FIRST PERSON
by Erica Barton
Google the term “Zoom fatigue,” and you’ll find countless articles explaining the COVID-19 pandemic and how to combat it. While the pandemic is affecting almost everyone these days, there are some who can assume the unnamed and unacknowledged perspective of able-bodied privilege. What’s not often discussed is how Zoom calls and other changes in how we communicate can actually benefit certain individuals in unique ways.
Maxfield Sparrow is an author and speaker who is on the autism spectrum. Earlier this year in an article he wrote that he agreed with others on the spectrum who felt that the rising use of Zoom actually “levels the social playing field for Autistic people.” He noted that many of the explanations for Zoom fatigue – such as having to work hard to read nonverbal communication or the pressure of being watched – are the daily lived experience of individuals on the autism spectrum. “We Autists live with these discomforts all our lives. In any situation where one group is freshly experiencing what another group lives with every day, there is an obvious emotional advantage to the group with a history of those experiences.”
I can understand where people like Sparrow were coming from. As a person with a visual disability, I appreciate the fact that video conferencing has provided me newfound access to visual content. Previously I would sit in meetings or conference sessions and listen as visual information such as slides or online documents were projected onto a screen for everyone to “see.” Now, with virtual meetings, when I sit in front of my laptop computer with assistive technology, I have access to what my colleagues have always seen.
For as many explanations of Zoom fatigue there are similar debates about whether or not people should be required to appear on video while on such calls. There are arguments and assumptions to be made on both sides. Turn your video on to show you are paying attention, so people can see your smiling face, or to reveal the relied-upon cues of nonverbal communication to interpret tone and pitch. However, for me to see my screen, my face needs to be inches from it, allowing only my shiny white forehead and perhaps my eyebrows to be visible on camera. If I back up, so colleagues can see my face, I give up my visual access. Do I compromise my newfound visual access, just to give sighted colleagues the visual cues of my nonverbal communication to interpret my intentions? Or is it time for sighted colleagues to refine the listening skills that I have always relied upon?
I experienced another epiphany while attending the ACUHO-I Virtual Summit. I realized that I took more away from this event than I had from any other ACUHO-I conference I’ve attended. The difference was that I had access to the same visual content as my sighted colleagues. I did not sit in sessions frustrated over a lack of universal design. While I was rejoicing in my access, I heard colleagues lamenting the loss of the face-to-face experience. Was it the same? Absolutely not. But as a woman with a disability, what was new was my feeling of belonging. For the first time at an ACUHO-I conference, I had equal access.
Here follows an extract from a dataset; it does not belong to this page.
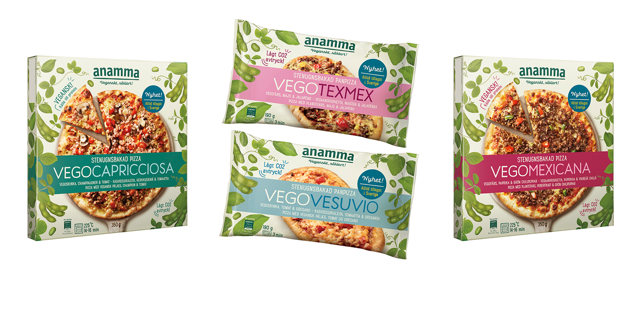Anamma lanserar fyra nya veganska pizzor. Två måltidspizzor i form av VegoCapricciosa och Vegomexicana med stenugnsbakad surdegsbotten samt två minipizzor Vegovesuvio och VegoTexMex med stenugnsbakad panpizza-botten.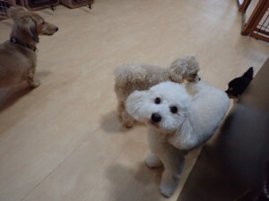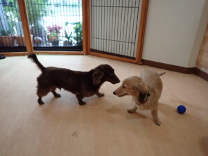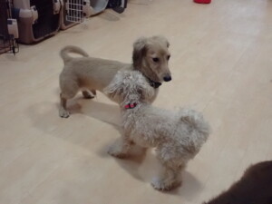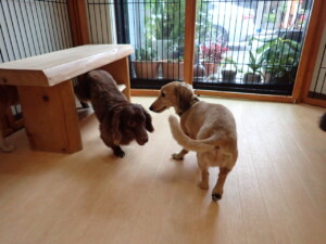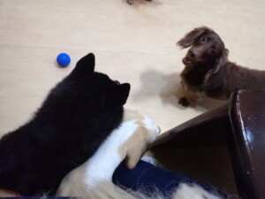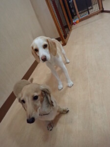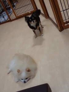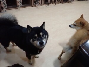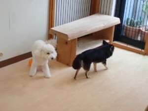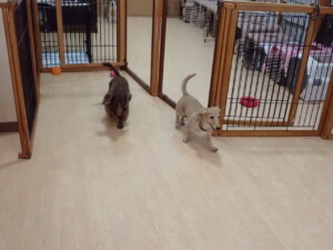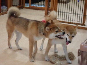 フレアちゃんとレイ君、昨夜もお泊まりでした。機嫌よく過ごしていました。

For the first time, I belonged.
The COVID-19 pandemic has changed how we do business. With incredible swiftness, we made dramatic changes to policies, procedures, and practices to ensure safe and healthy communities. One could argue that our collective agility is worthy of celebration, but before we pat ourselves on the back, we need to reckon with the reality that our swift changes have in large part been mandated by state orders and Centers for Disease Control guidelines. Robyn Powell, a disability rights advocate and attorney, noted in an interview that remote work and school has historically been denied as a reasonable accommodation for individuals with disabilities. “Now that non-disabled people have no choice but to go to work from home and go to school from home, all of a sudden, it is reasonable,” she says.
As we tentatively make steps towards re-opening campuses, how do we listen critically to the messages of the pandemic? How do we continue to demonstrate our proven ability to make swift change, as opposed to settling back into our routine assumption that change takes time? How do we de-center privileged perspectives to make room for traditionally marginalized voices? How do we develop empathy to consider that our Zoom fatigue may be what some of our students and colleagues experience every day as they navigate with a disability? The ACUHO-I Core Competencies indicate that we should all be able to assess the impact of the dominant culture in our campus communities. That assessment is on full display right now, but will we listen?
"First Person" is a column that allows ACUHO-I members a chance to put a personal spin on a news story. Erica Barton is the human resource manager for Organizational Learning and Development at the University of Washington and has worked as a housing practitioner since 2003. She has been a keynote speaker at the NWACUHO 2019 conference, exploring the connection between Universal Design and belonging. She currently is pursuing her doctoral degree from Northeastern University where she is researching the impact of white supremacy cultural norms on organizational learning.